Prednisolone

Hi Jean, cramps appear to be a common side effect with rapid prednisolone reduction suggesting this may be corticosteroid withdrawal issue rather than PMR related however,most information is based on people's experience rather than hard evidence. It might be worth getting your calcium,magnesium,potassium and vit d levels checked to see if you need to supplement your diet.Also a glass of tonic water ( contains quinine) may help, similarly speak to your dr (whilst having your bloods checked 😜) about slowing your taper until your body adjusts. Hope you find this information useful and good luck x

This sounds like you have reduced very, very quickly! From what I've been reading on here it would take at least a year to get down to 2.5 mg. 3 months into PMR I'm on 13mg having had to come down from 25mg at the start.

Oops! Misread your post. What are you on now? And your starting level of pred?

You might do better reducing just 1mg at a time - some people react to the bigger changes in dose. Yes, you can reduce in 5mg in other illnesses where pred is used - PMR can be rather less helpful and the smaller the steps the better. Have you got 1mg tablets?

However, it could be cramps due to the pred making you lose more magnesium than usual in your urine. You can get magnesium supplements at the chemist, just take the daily amount, no need for extra since all that will do (extra I mean) is probably give you the runs (think Epsom salts). Some people say that sitting with your feet and calves in an Epsom salt bath helps - it can be absorbed like that.

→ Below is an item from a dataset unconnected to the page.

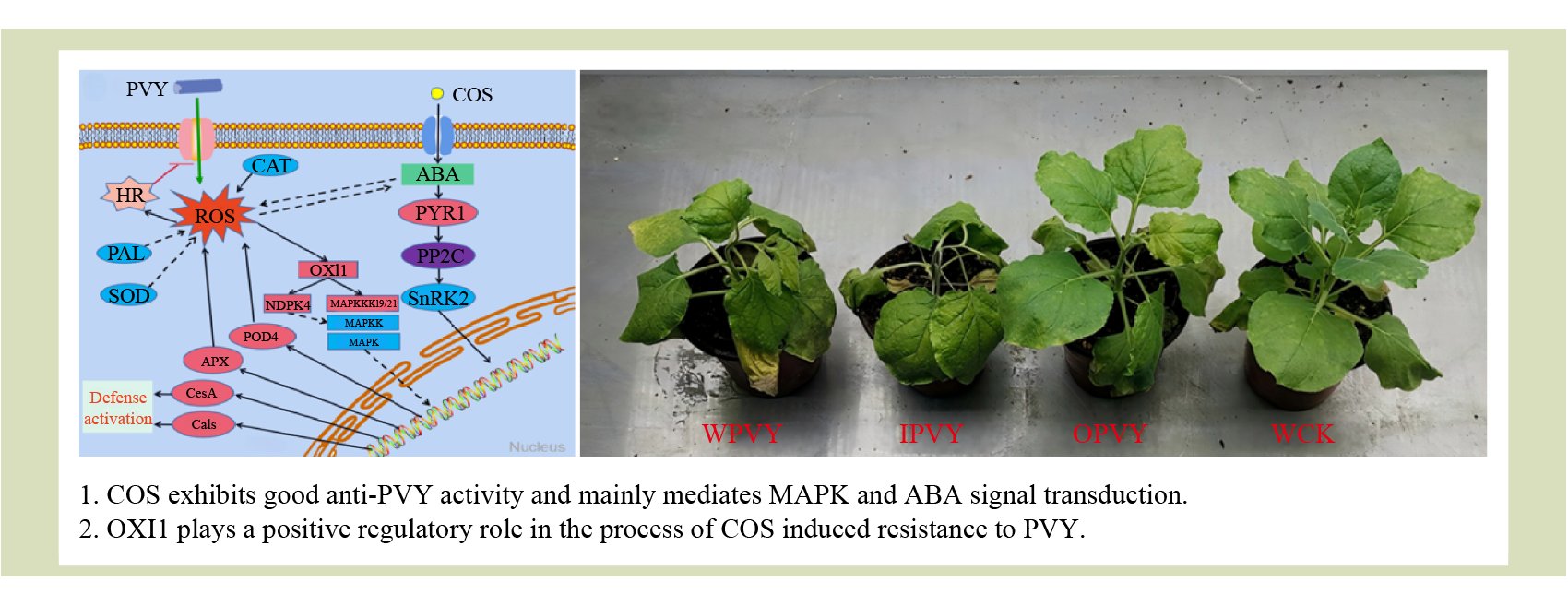 This study investigated the antiviral activity and molecular mechanisms of oligochitosan against potato virus Y (PVY) in Nicotiana benthamiana. The results demonstrate that oligochitosan exhibits significant anti-PVY activity, achieving a preventive efficacy of 54.7%. Biochemical analyses revealed that oligochitosan treatment enhances the activities of defense-related enzymes and stimulates hydrogen peroxide accumulation in N. benthamiana. Integrated transcriptomic and proteomic analyses identified key differentially expressed genes associated with reactive oxygen species signaling and the mitogen-activated protein kinase pathway, including PYL1, PP2C, OXI1, NDPK4, MAPKKK21 and POD4. Functional characterization demonstrated that oligochitosan specifically upregulates OXI1 expression while enhancing MAPKKK21 and NDPK4 transcript levels, thereby conferring enhanced PVY resistance. These findings establish that oligochitosan-induced plant defense against PVY operates primarily through ROS-mediated activation of the mitogen-activated protein kinase signaling cascade. This work provides novel insights into the molecular basis of the antiviral activity of oligochitosan in plant protection.

Having your blood level checked won't tell you a lot - your blood level can be fine even if the level in your muscles is low. But if the cramps don't go and get too uncomfortable, mention it to your doctor. Here in Mainland Europe where I live the first thing they would say would be to ask if you had taken some magnesium, when that didn't work they'd look for another cause.

And of course - diet! "High magnesium foods include dark leafy greens, nuts, seeds, fish, beans, whole grains, avocados, yogurt, bananas, driedfruit, dark chocolate, and more. The current daily value (DV) for magnesium is 400mg."

Hi Jean

I started at 20mg and dropped to 17.5 using a 7 week tapper and had problems. I'm now tapering by .5mg and ok over 7 weeks. Some of us have to go slow and in small amounts. My next tapper in April i will try 1mg over 7-8weeks to go to 16mg. I was diagnosed sept 2015 to give you a time line.

Some of us slower than the rest but what I've learned is use the very slow method.

Hi Jean,

Could you describe the "lock"?

I noticed that I had "trigger finger" when my inflammation was the worst.

Mayo clinic describes it:

"Trigger finger, also known as stenosing tenosynovitis (stuh-NO-sing ten-o-sin-o-VIE-tis), is a condition in which one of your fingers gets stuck in a bent position. Your finger may straighten with a snap — like a trigger being pulled and released.

Trigger finger occurs when inflammation narrows the space within the sheath that surrounds the tendon in the affected finger. If trigger finger is severe, your finger may become locked in a bent position."

As my inflammation remissioned, trigger finger remissioned also.

Good luck!

Yes, whenever I reduce the pred, poly attacks me in the wrist muscles which feel rather weak.  By the afternoon I am usually ok again with no other pains. Muscles in back of my arms also feel odd and weak but soon passes luckily.

Eileen's suggestion to reduce by 1 mg a time is excellent.  I started at 15 mg, stayed there for a month, then reduced in 1 mg steps, once a week.  I should have slowed down at 10 mg, however, as at 9 I had return of symptoms, so just be aware that the smaller the dose, the slower the taper should become, especially at the 10 mg level.  If you don't have 1 mg tablets you could try cutting a 2.5 mg in half (provided it isn't coated) and that will be helpful for at least the first few drops.